- Exercise data:
····················

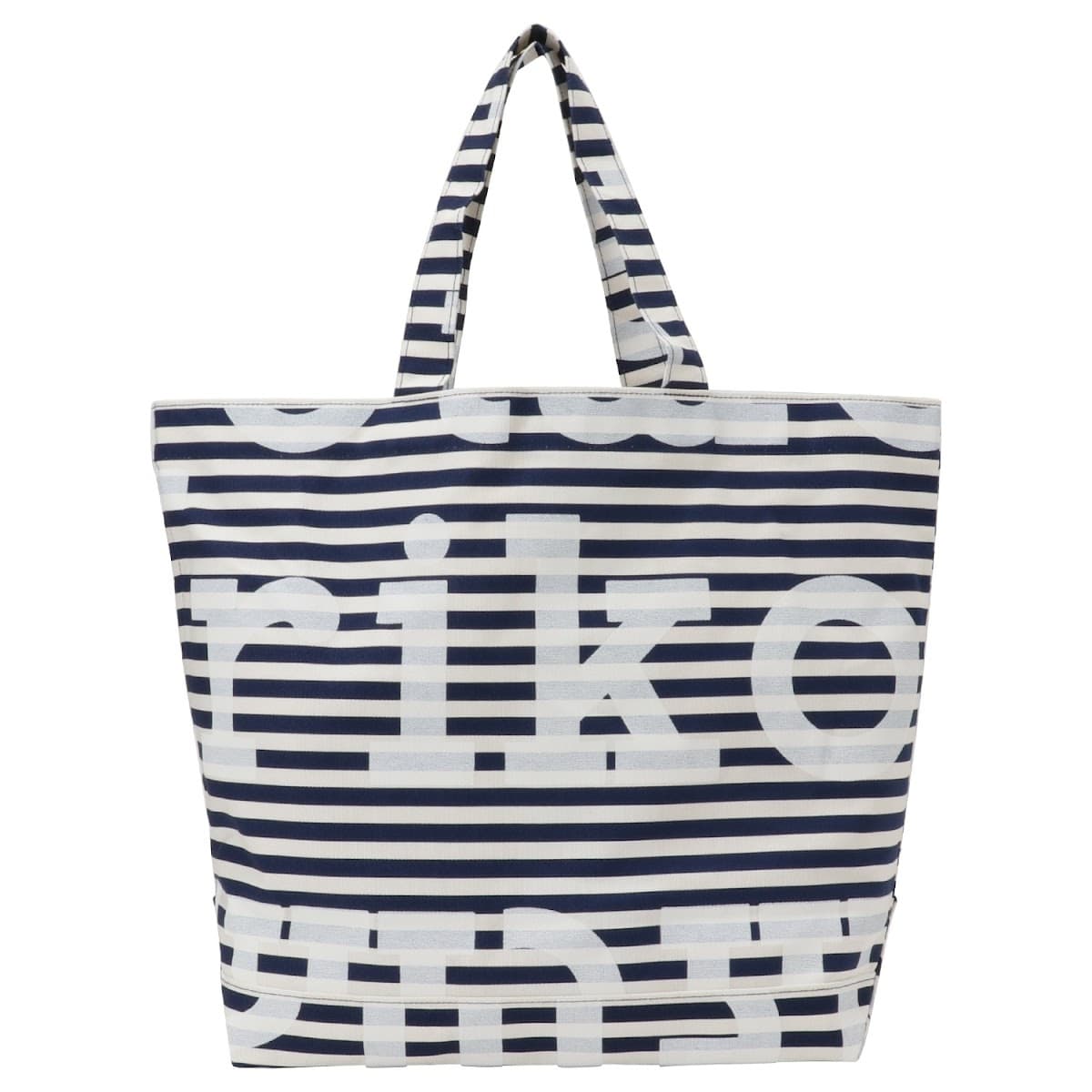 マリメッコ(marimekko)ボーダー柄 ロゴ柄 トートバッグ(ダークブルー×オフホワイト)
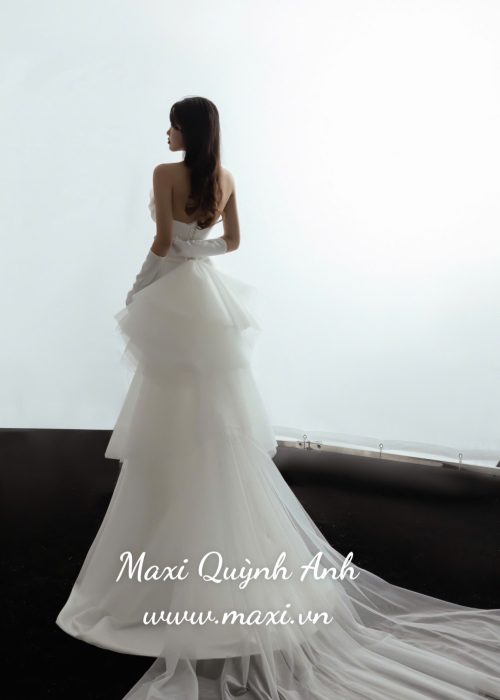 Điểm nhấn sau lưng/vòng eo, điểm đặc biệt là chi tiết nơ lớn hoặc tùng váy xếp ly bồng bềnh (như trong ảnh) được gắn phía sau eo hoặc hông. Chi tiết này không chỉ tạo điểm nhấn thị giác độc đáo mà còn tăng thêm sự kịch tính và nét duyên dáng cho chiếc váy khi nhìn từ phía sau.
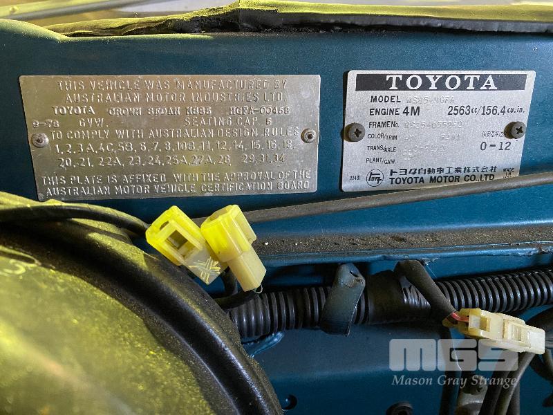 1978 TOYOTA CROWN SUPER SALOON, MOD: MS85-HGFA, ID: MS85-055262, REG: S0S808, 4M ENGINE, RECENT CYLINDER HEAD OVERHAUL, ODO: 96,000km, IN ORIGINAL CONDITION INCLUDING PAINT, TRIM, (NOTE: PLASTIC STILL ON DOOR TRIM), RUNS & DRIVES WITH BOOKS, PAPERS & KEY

····················

- Problem:
Set down all of the material above exactly as written, leaving the pictures out.

- Reply to the exercise:
 マリメッコ(marimekko)ボーダー柄 ロゴ柄 トートバッグ(ダークブルー×オフホワイト)
 Điểm nhấn sau lưng/vòng eo, điểm đặc biệt là chi tiết nơ lớn hoặc tùng váy xếp ly bồng bềnh (như trong ảnh) được gắn phía sau eo hoặc hông. Chi tiết này không chỉ tạo điểm nhấn thị giác độc đáo mà còn tăng thêm sự kịch tính và nét duyên dáng cho chiếc váy khi nhìn từ phía sau.
 1978 TOYOTA CROWN SUPER SALOON, MOD: MS85-HGFA, ID: MS85-055262, REG: S0S808, 4M ENGINE, RECENT CYLINDER HEAD OVERHAUL, ODO: 96,000km, IN ORIGINAL CONDITION INCLUDING PAINT, TRIM, (NOTE: PLASTIC STILL ON DOOR TRIM), RUNS & DRIVES WITH BOOKS, PAPERS & KEY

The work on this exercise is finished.